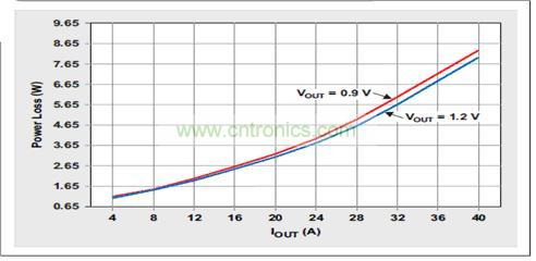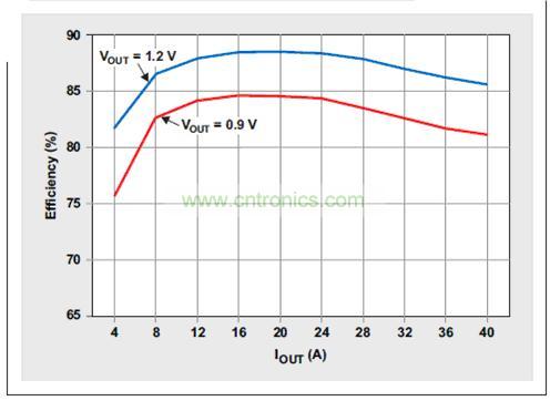 由于每個(gè)相位的功率級(jí)電流更低,多相實(shí)現(xiàn)的輸出濾波器要求也隨之降低。對(duì)于一款40-A 二相解決方案來(lái)說(shuō),向每個(gè)電感提供的平均電流僅為20A。相比40-A 單相方法,由于平均電流和飽和電流更低,電感和電感器體積都大大減小。
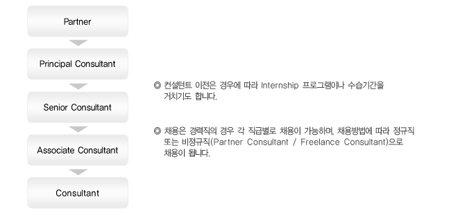 Career Opportunities Consultant 직급구조 Consultant 신규채용 채용분야 Business Consulting 분야 (인사/조직, 경영전략, 교육개발 등) 채용방식 1차 서류전형2차 ~ 3차 Round Interview 자격요건국내 외 대학원 졸업자 및 졸업 예정자 이상, 컨설팅 경력자 우대채용, 채용 Band는 개별 인터뷰시 결정 제출서류Resume 및 최종학력 성적증명서
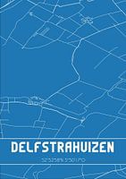 Blauwdruk van de landkaart / plattegrond van de Nederlandse plaats Delfstrahuizen, gelegen in gemeente De Fryske Marren, provincie Fryslan. De kaart bevat alle openbare wegen en de coördinaten van het centrum van Delfstrahuizen.
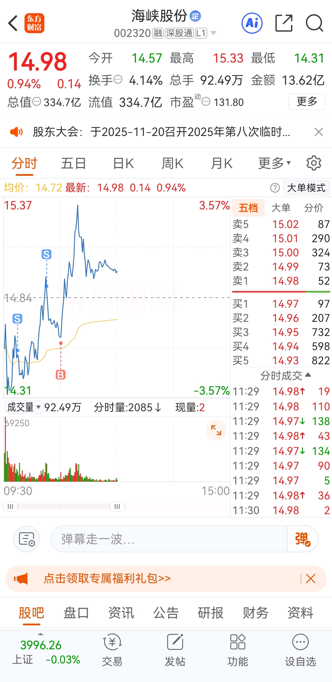 $海峡股份(SZ002320)$ 会做T的高手这几天都爽了,今天试着做T差点就做反了,技术不行还是不乱动好
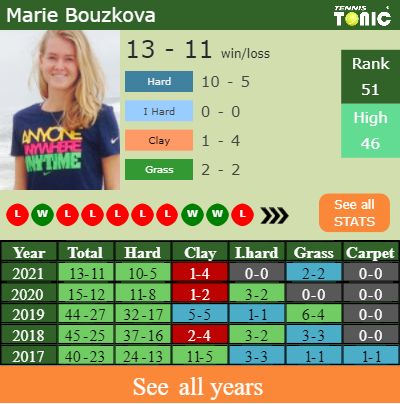 This will be the 2nd time that Marie Bouzkova and Vera Zvonareva clash against each other. The head to head is 1-0 for Bouzkova (see full H2H stats), but they have never competed against each other on grass.
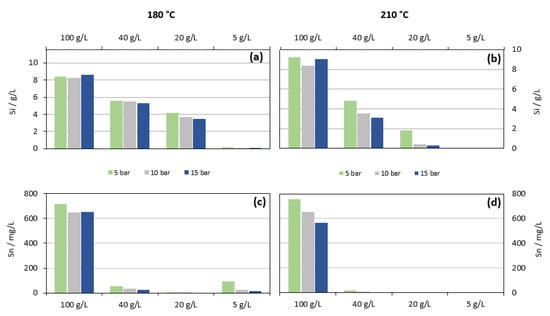 The silicon concentration in the liquor at 180 °C (a) and 210 °C (b); the tin concentration in the liquor at 180 °C (c) and 210 °C (d); constants: 1 h, 800 rpm, S/L: 0.1.

....................

WHAT THE EXERCISE ASKS: Only the pictures are to be left out; repeat everything else in the records above exactly.

ANSWER:
 由于每個(gè)相位的功率級(jí)電流更低,多相實(shí)現(xiàn)的輸出濾波器要求也隨之降低。對(duì)于一款40-A 二相解決方案來(lái)說(shuō),向每個(gè)電感提供的平均電流僅為20A。相比40-A 單相方法,由于平均電流和飽和電流更低,電感和電感器體積都大大減小。
 Career Opportunities Consultant 직급구조 Consultant 신규채용 채용분야 Business Consulting 분야 (인사/조직, 경영전략, 교육개발 등) 채용방식 1차 서류전형2차 ~ 3차 Round Interview 자격요건국내 외 대학원 졸업자 및 졸업 예정자 이상, 컨설팅 경력자 우대채용, 채용 Band는 개별 인터뷰시 결정 제출서류Resume 및 최종학력 성적증명서
 Blauwdruk van de landkaart / plattegrond van de Nederlandse plaats Delfstrahuizen, gelegen in gemeente De Fryske Marren, provincie Fryslan. De kaart bevat alle openbare wegen en de coördinaten van het centrum van Delfstrahuizen.
 $海峡股份(SZ002320)$ 会做T的高手这几天都爽了,今天试着做T差点就做反了,技术不行还是不乱动好
 This will be the 2nd time that Marie Bouzkova and Vera Zvonareva clash against each other. The head to head is 1-0 for Bouzkova (see full H2H stats), but they have never competed against each other on grass.
 The silicon concentration in the liquor at 180 °C (a) and 210 °C (b); the tin concentration in the liquor at 180 °C (c) and 210 °C (d); constants: 1 h, 800 rpm, S/L: 0.1.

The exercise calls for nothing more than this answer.